Opened 7 years ago
Closed 7 years ago
#6058 closed defect (invalid)
cuvid: Transcoding hangs after several files processed
Reported by: | slomkowski | Owned by: | |
---|---|---|---|
Priority: | normal | Component: | undetermined |
Version: | git-master | Keywords: | nvenc |
Cc: | Blocked By: | ||
Blocking: | Reproduced by developer: | no | |
Analyzed by developer: | no |
Description
I'm using ffmpeg to transcode a lot of MPEG-2 videos grabbed from DVB-S to H.264. I'm using ffmpeg with NVidia CUVID, videos are processed in batch mode, with two instances of ffmpeg running. However, after several recordings processed successfully, both ffmpeg instances hang. It appears to be working with frame rate steadily going to 0 fps; output H.264 file grows several times the size of original file. This continues until ffmpeg is eventually killed by batch managing process.
After that, ps aux
shows, that ffmpeg instances have become defunct and graphics card is no longer responding. nvidia-smi dmon
shows 100% load on decoder and 0% on encoder despite no process running. Trying to reset the card using nvidia-smi -i 0 -r
doesn't bring any good, the card becomes completely unresponsive and nvidia-smi
is no longer able to communicate with it.

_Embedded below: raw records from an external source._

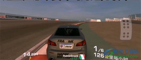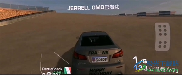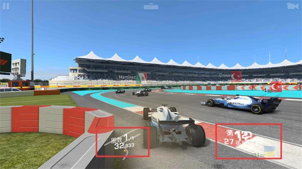 3、观察【圈数1/1-32.833】与【第12-27英里/小时】,在弯道区域精准操控,缩小与前车距离。
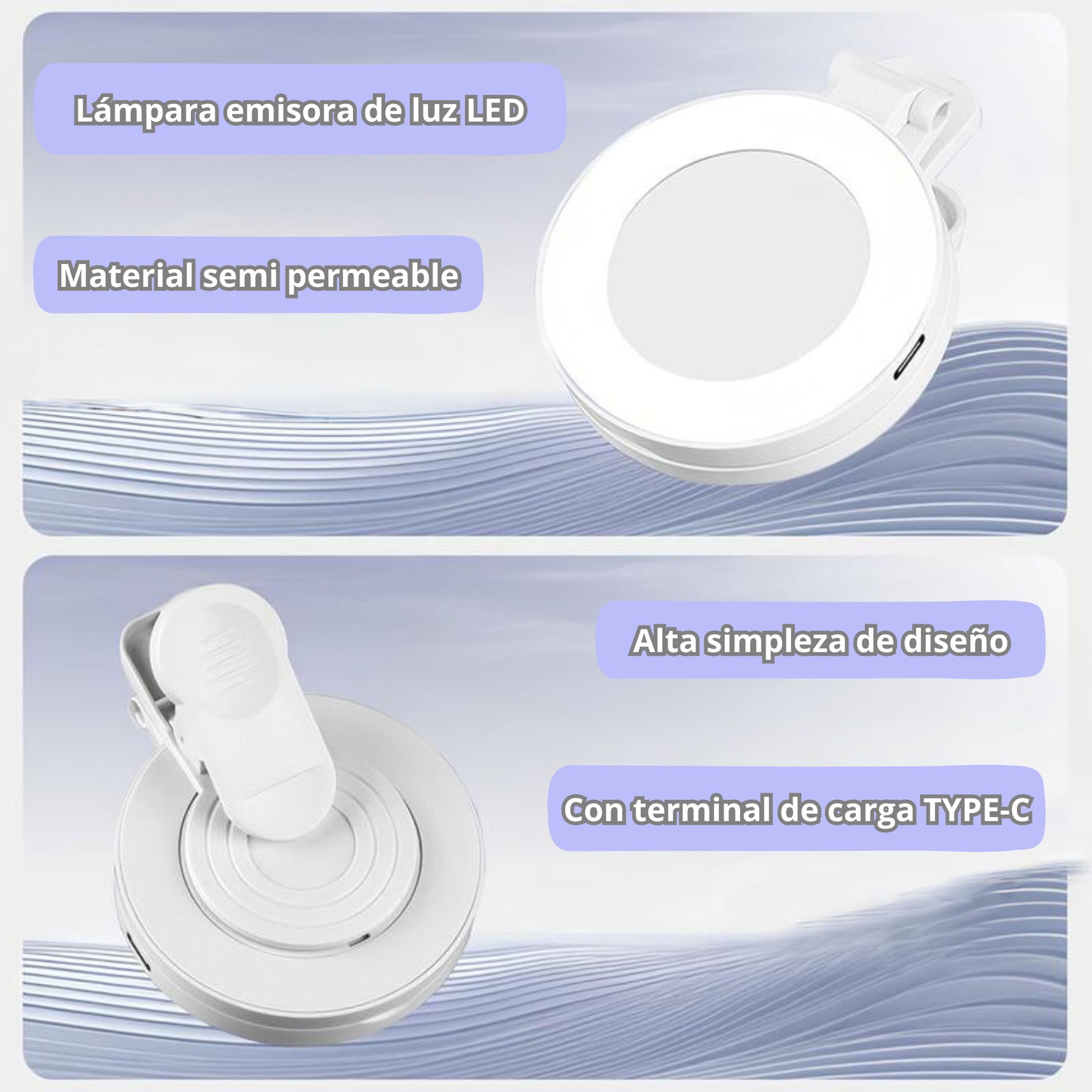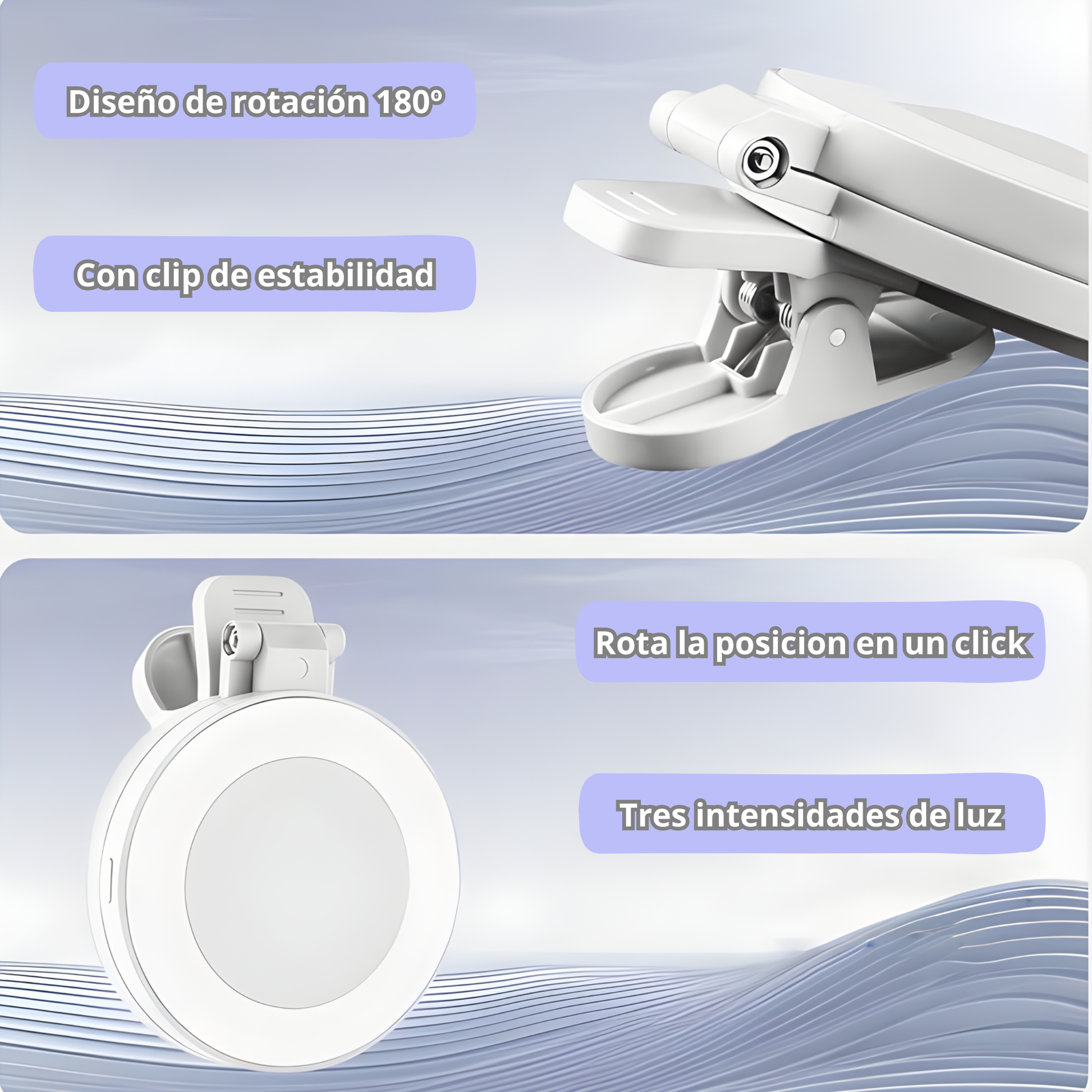Soporte ajustable para móvil: Se adapta a múltiples escenarios como maquillaje, live streaming, o videollamadas.
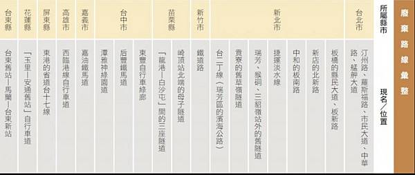 棄路線就是以前曾經有鐵道經過的地方,因為某種因素而拆除。最明顯的例子就是已經被拆除的幾條支線,有興趣的讀者可以沿著原路線走走看,緬懷往日風光,有時可以發現一些遺跡,例如深澳線停辦客運時的終點海濱車站和月台都保存良好;東勢線的東勢車站仍存,只是被改建,部份鐵軌都還可以看到痕跡。東勢線現為東豐自行車綠廊。
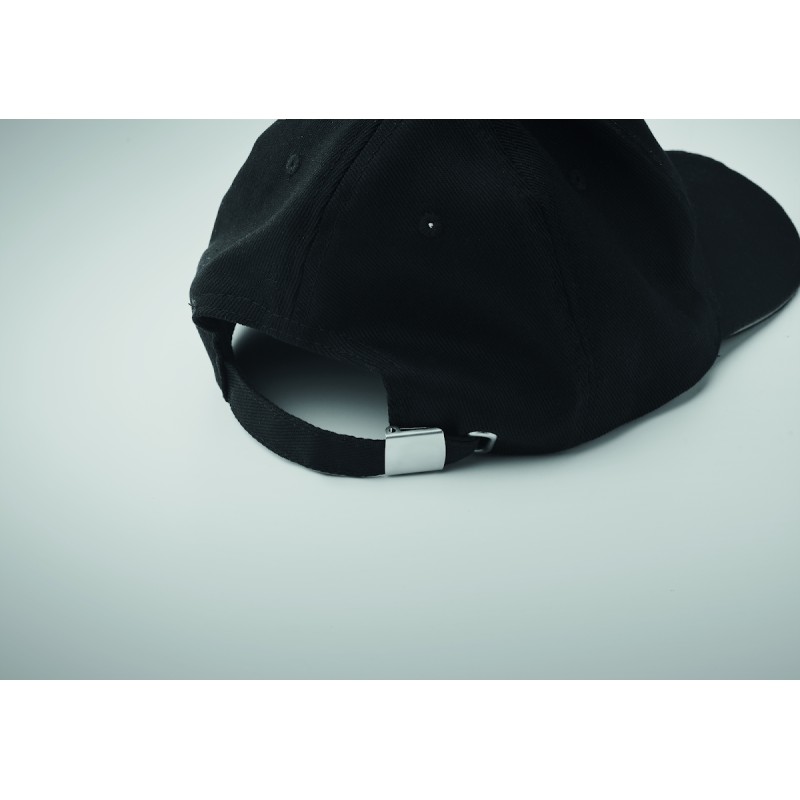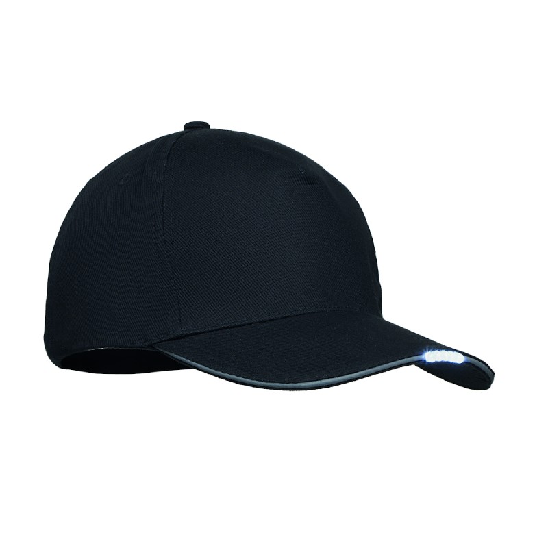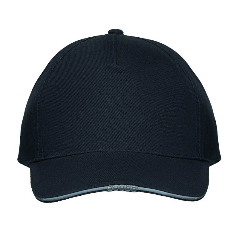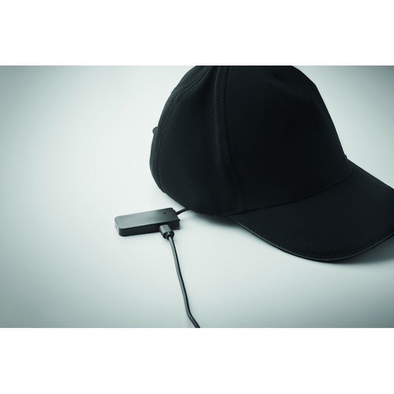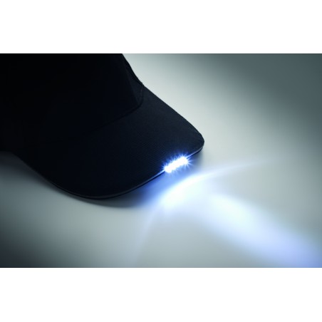 Ccasquette de baseball à 5 panneaux en coton 200gr/m² avec boucle en métal. Comprend une lumiere dans le sandwich et un câble de chargement USB.
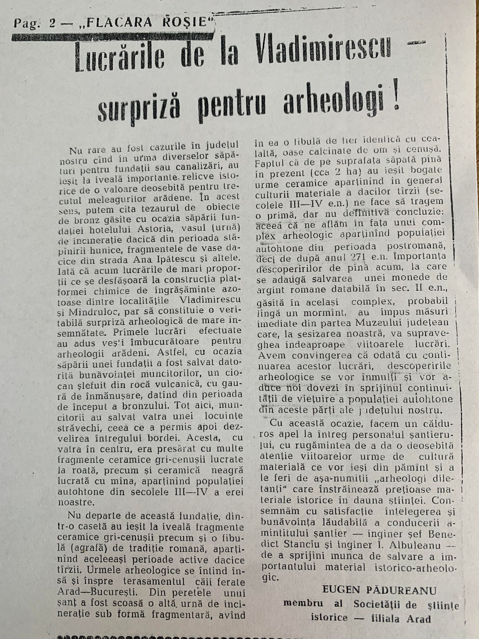 Octavian Lupaș, preocupat de istoria Aradului îl contactează pe istoricul Dan Demșa pentru ca să poată intra în legătură cu arheologul Eugen D. Pădurean. Întâlnirea dintre cei doi, Lupaș și Pădurean, avea să se întâmple în locuința celui din urmă. Lui Octavian Lupaș i-a dat de gândit movila care exista la Vest de comuna Vladimirescu, pe o porțiune mai înălțată înconjurată de vechi brațe ale Mureșului. Octavian Lupaș sugera o importanță istorică a detaliilor de teren din acel loc.
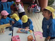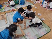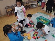 久しぶりに寒い朝になりましたが、園児たちは今日も元気です。保育室に荷物を片付けると直ぐに園服を脱いで遊び開始です。
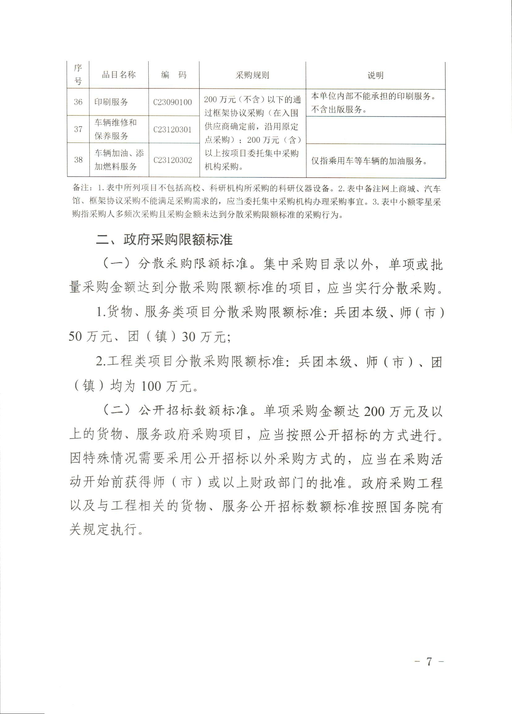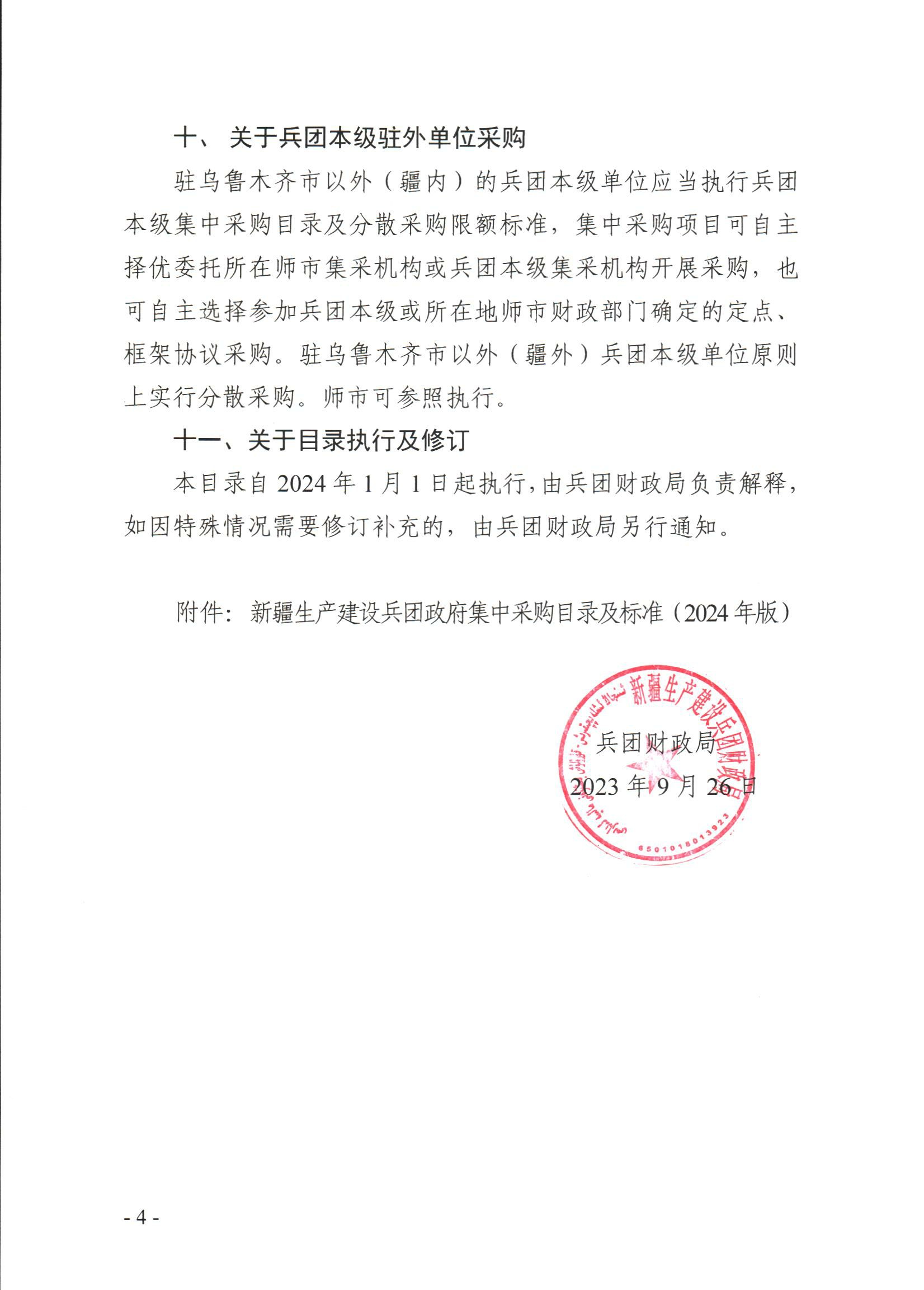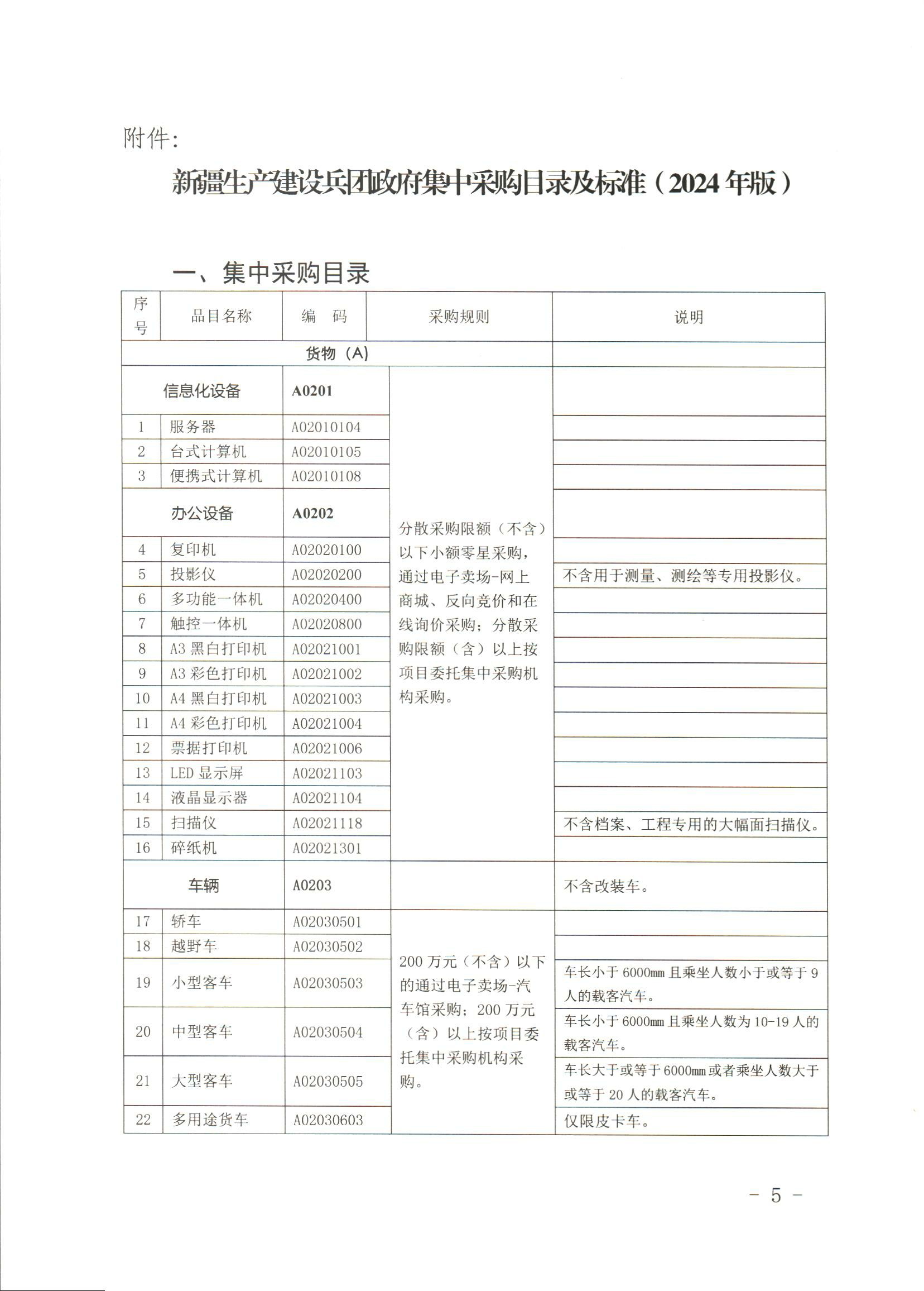 新疆生产建设兵团政府集中采购目录及标准(2024版)
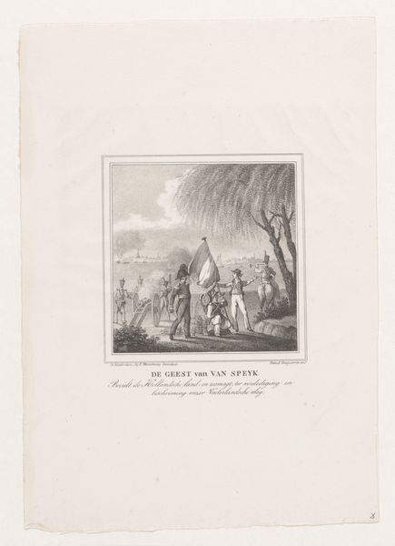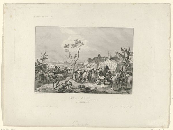 Editor: So, here we have "Soldiers and Travellers Before a Tent," by Amédée Paul Greux. It's an etching made sometime between 1846 and 1919. It reminds me a bit of a hazy dream. The figures and details seem soft and almost ethereal. What catches your eye? Curator: The immediate impression is one of dynamic stillness, achieved through contrasting tonal values. Note how the artist juxtaposes the light, open space of the sky with the densely packed forms of figures and animals clustered near the tent. Consider the line work: short, repetitive strokes create texture and volume, yet lack sharp definition. This serves to flatten the pictorial space, emphasizing the two-dimensionality of the print. Editor: Flattening… that's interesting. So it's less about creating an illusion of depth, and more about… what? Curator: More about the formal interplay between line, tone, and composition. The repetitive marks, are they simply representational, or do they establish an all-over pattern that transcends the depicted subject matter? Note also the dominance of horizontal lines—the horizon, the ground, the implied lines of the figures at rest. How do these contribute to the overall sense of quiescence despite the implied activity? Editor: I see it now. It’s not really telling a story; it’s about how the lines and light work together to create a mood. I initially overlooked the impact of those horizontal lines. Thanks, I am looking at it so differently. Curator: Indeed. Formal analysis encourages a slowing down, a focused engagement with the language of the image itself, a syntax of marks.
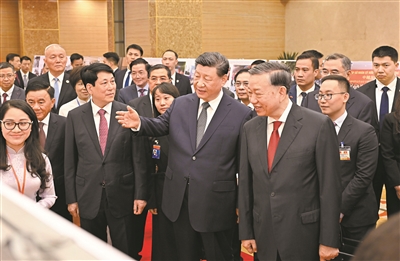活动前,习近平在苏林、梁强陪同下,观看了中越建交75周年图片展,重温中越双方友好交往的珍贵画面。

I ran the transcoding with and without -hwaccel
option, each one eventually failed.
The problem is not reproducible in easy way, when you run ffmpeg on the very same files which caused the problem before, everything goes well. Just after processing several other files the processing hangs.
My configuration:
- Debian 8, kernel 4.7.0.
- graphics card: GeForce GTX 950.
- NVidia drivers tested: 375.26, 367.57.
- ffmpeg versions tested: 3.2, 3.2.2, N-82987-gd800d48.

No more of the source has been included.